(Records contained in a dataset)

=== Begin Enclosure ===

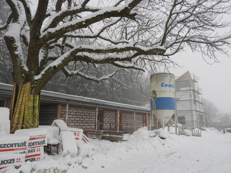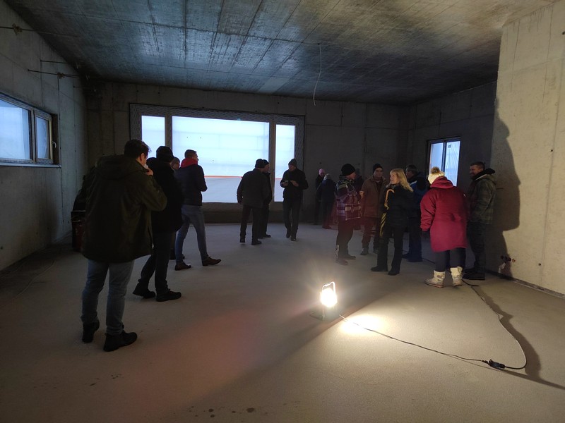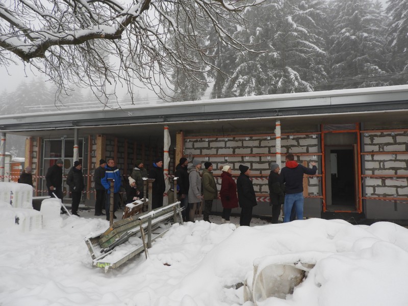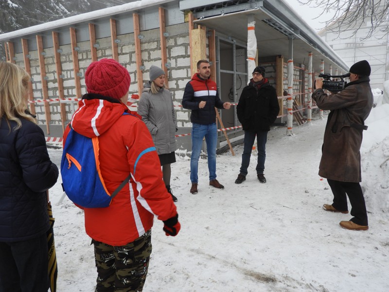 Komentovaná prohlídka stavby kabin a obecního domu ve Studánce za přítomnosti autora projektu Ing. P. Kostnera.
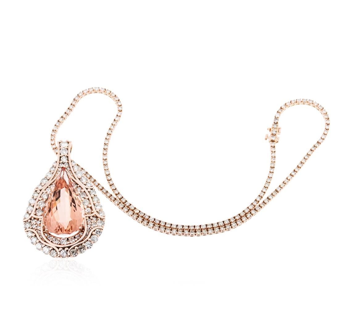 One electronically tested 14KT rose gold ladies cast & assembled morganite and diamond pendant with chain. The pendant features a morganite set within an elaborate diamond gallery, completed by a diamond set bail. The pendant is supported by a seventeen and one-quarter inch length flexible diamond chain, terminating in a hidden clasp with safety bar. Bright polish finish. Condition is new, good workmanship. Containing: One prong set pear modified brilliant cut natural morganite, measuring 34.71 x 19.04 x 13.62mm, exact weight 49.49ct., type I Clarity is eye clean, medium dark, very slightly brownish, pinkish orange color, (GIA piO 6/3), cut is good. Transmitting light with no distortion, transparent. GIA Gemological Report attached. Graded loose prior to setting in the GIA Laboratory, Report #2151952518.Thirty-Three prong set round brilliant cut diamonds, measuring 3.90 - 3.40 x 2.19mm (depth est.) approximate total weight of 33 Stones = 5.90ct. Graded in the setting. Clarity: SI-1 to I-1. Color: H - J Eighteen prong set round brilliant cut diamonds, measuring 2.30 - 1.90 x 1.26mm (depth est.) approximate total weight of 18 Stones = 0.65ct. Graded in the setting. Clarity: SI-1 to I-1. Color: H - J Twenty-Four prong set round brilliant cut diamonds, measuring 1.60 - 1.20 x 0.84mm (depth est.) approximate total weight of 24 Stones = 0.30ct. Graded in the setting. Clarity: SI-1 to I-1. Color: H - J One Hundred Fifty-Six prong set round brilliant cut diamonds, measuring 2.20 - 2.10 x 1.29mm (depth est.) approximate total weight of 156 Stones = 5.76ct. Graded in the setting. Clarity: SI-1 to I-1. Color: H - J. Total Weight of Colored Stones 49.49ct. Total Weight of Diamonds 12.61ct. Total Weight of Pendant With Chain 57.41 grams. AIG Appraised at $78,835.00.
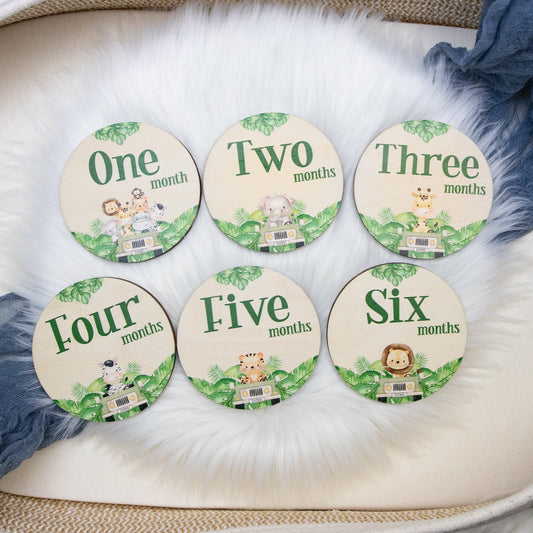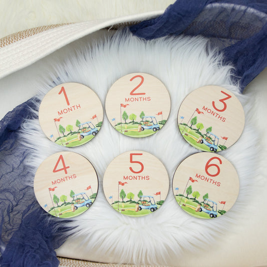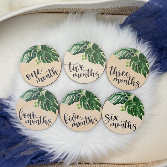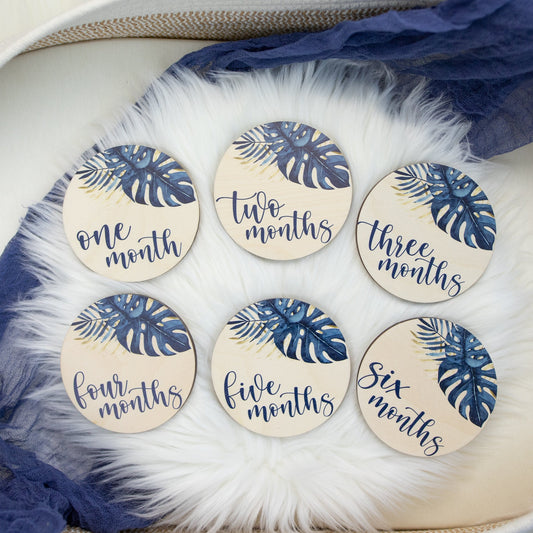 Blue and Gold Palm Leaves Wood Milestone Cards, F56
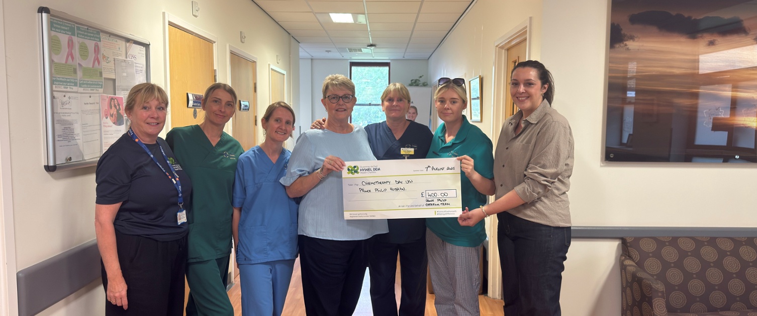 Kath Watkins, Senior Sister, said: “On behalf of the staff and patients at the Chemotherapy Day Unit at Prince Philip Hospital, I would like to thank the catering team for their fundraising efforts resulting a very generous donation of £400.
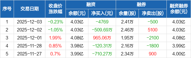 时代新材:融资净偿还4769元,融资余额4.03亿元(12-03)
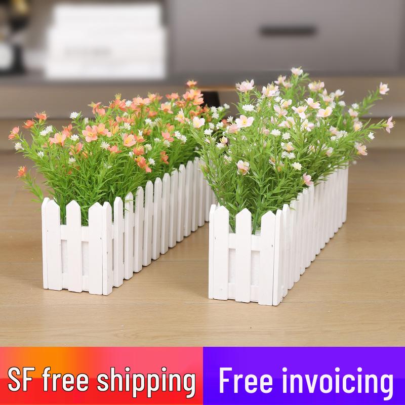 Silk Flower Pot with Wood Fence: Decorative Bonsai for Living Room or Office.
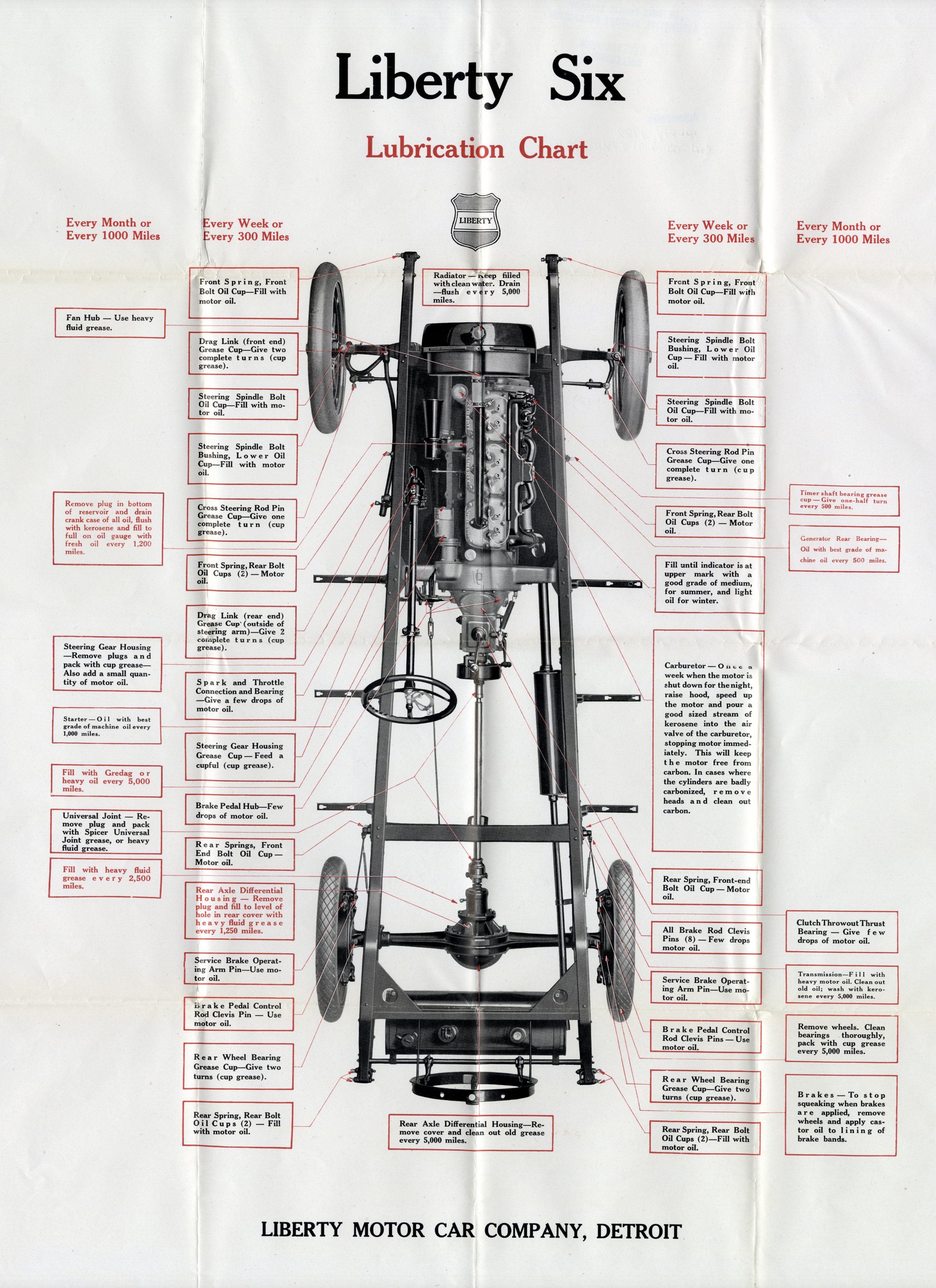 Lubrication chart with captions for 1923 Liberty Six car. Printed on front: "Liberty Six, lubrication chart, Liberty Motor Car Company, Detroit."
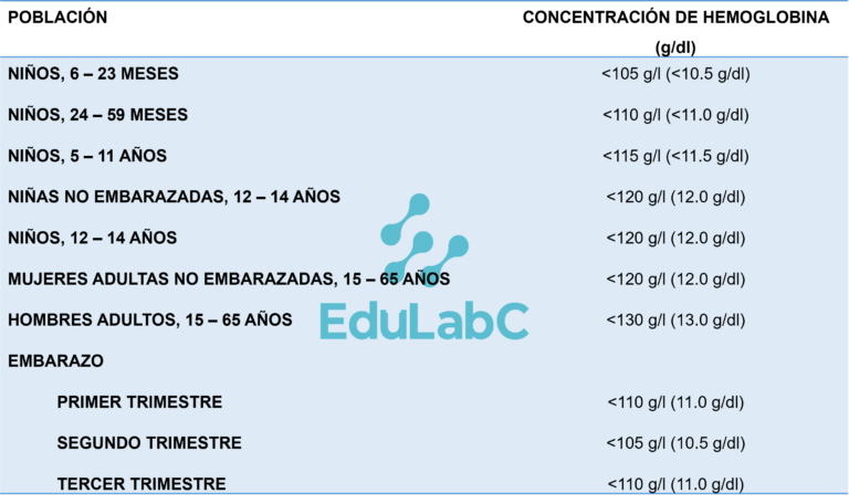 Los puntos de corte para definir la anemia han mostrado cierta heterogeneidad según la bibliografía que se consulte. Es así como a organización mundial de la salud a emitido puntos de corte según el sexo y grupo de edad con el fin de aplicar un enfoque estandarizado.
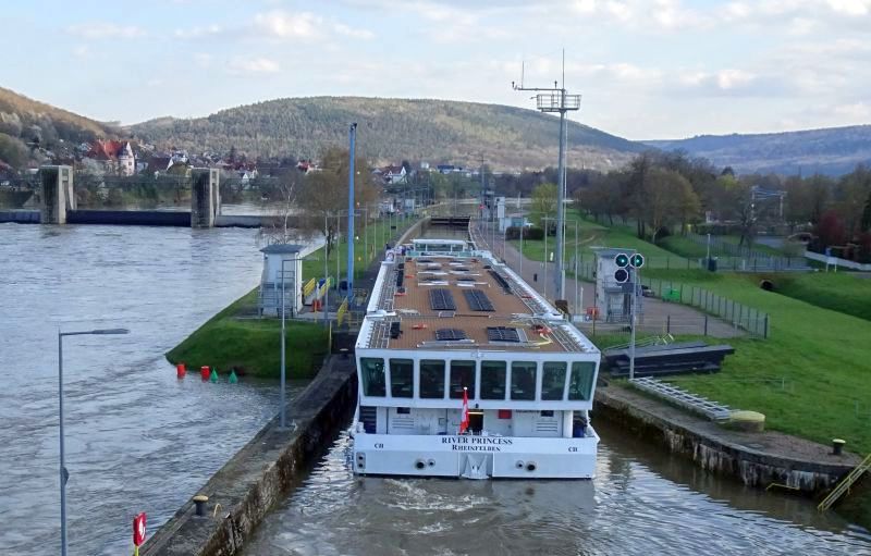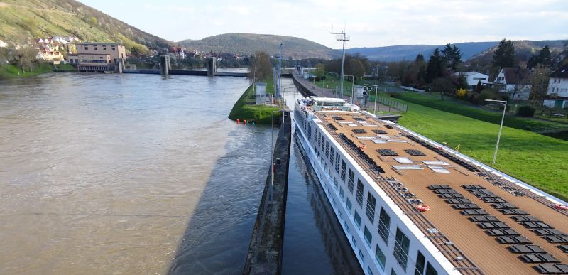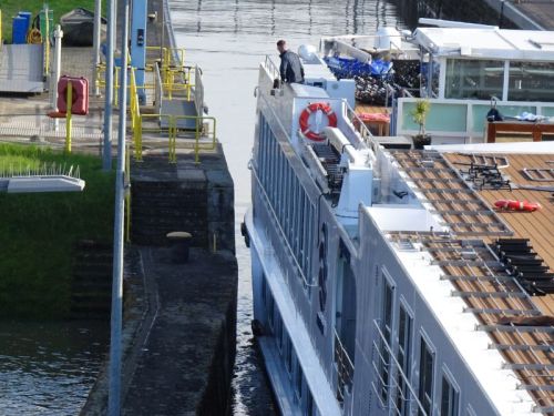 Abends gibts noch ein spannendes Schauspiel, als das Hotelschiff in die Schleuse fährt.
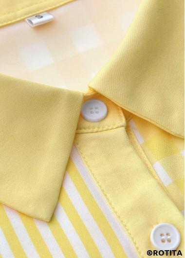 Heim > Oberteile > Hemden/ Rotita Patchwork gestreiftes hellgelbes Langarmhemd
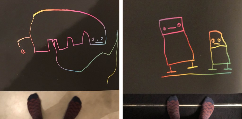 > Mon tekent. En zelfs dan blijft hij babbelen. Zijn kunstwerken: ‘een nijlpaard dat pipi en kaka doet’ en ‘meneertje peper en meneertje zout’. Wat hij nog meer van grappige dingen uitkraamde deze maanden? Hierzo:
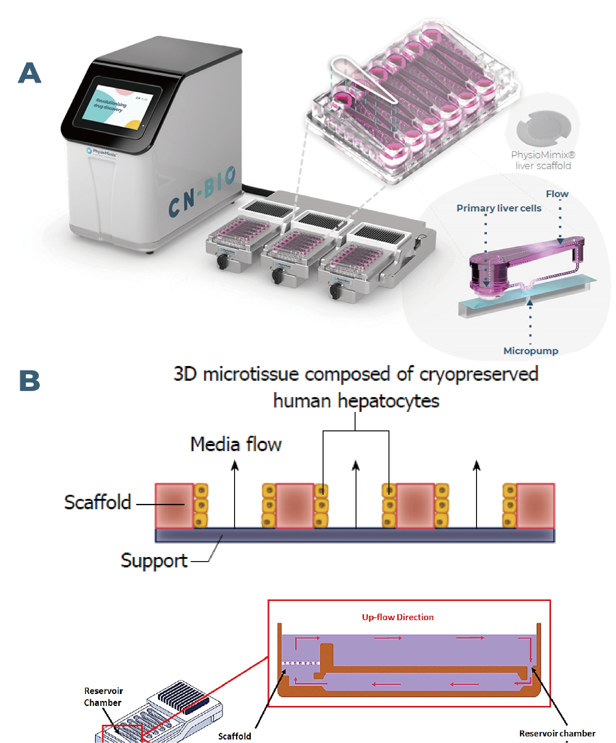 B:LC12 平板由一个支架组成,原代人类肝细胞播种在支架上,并在微通道内形成3D微组织。培养基在支架和储层中循环,不断提供流动。

=== End Enclosure ===

What to work on
When you reach the line containing "Lubrication chart with" in the entries above, begin restating word for word, and stop once the line containing "Mon tekent. En" has been given. Omit the pictures.

Solution for this task
 Lubrication chart with captions for 1923 Liberty Six car. Printed on front: "Liberty Six, lubrication chart, Liberty Motor Car Company, Detroit."
 Los puntos de corte para definir la anemia han mostrado cierta heterogeneidad según la bibliografía que se consulte. Es así como a organización mundial de la salud a emitido puntos de corte según el sexo y grupo de edad con el fin de aplicar un enfoque estandarizado.
 Abends gibts noch ein spannendes Schauspiel, als das Hotelschiff in die Schleuse fährt.
 Heim > Oberteile > Hemden/ Rotita Patchwork gestreiftes hellgelbes Langarmhemd
 > Mon tekent. En zelfs dan blijft hij babbelen. Zijn kunstwerken: ‘een nijlpaard dat pipi en kaka doet’ en ‘meneertje peper en meneertje zout’. Wat hij nog meer van grappige dingen uitkraamde deze maanden? Hierzo:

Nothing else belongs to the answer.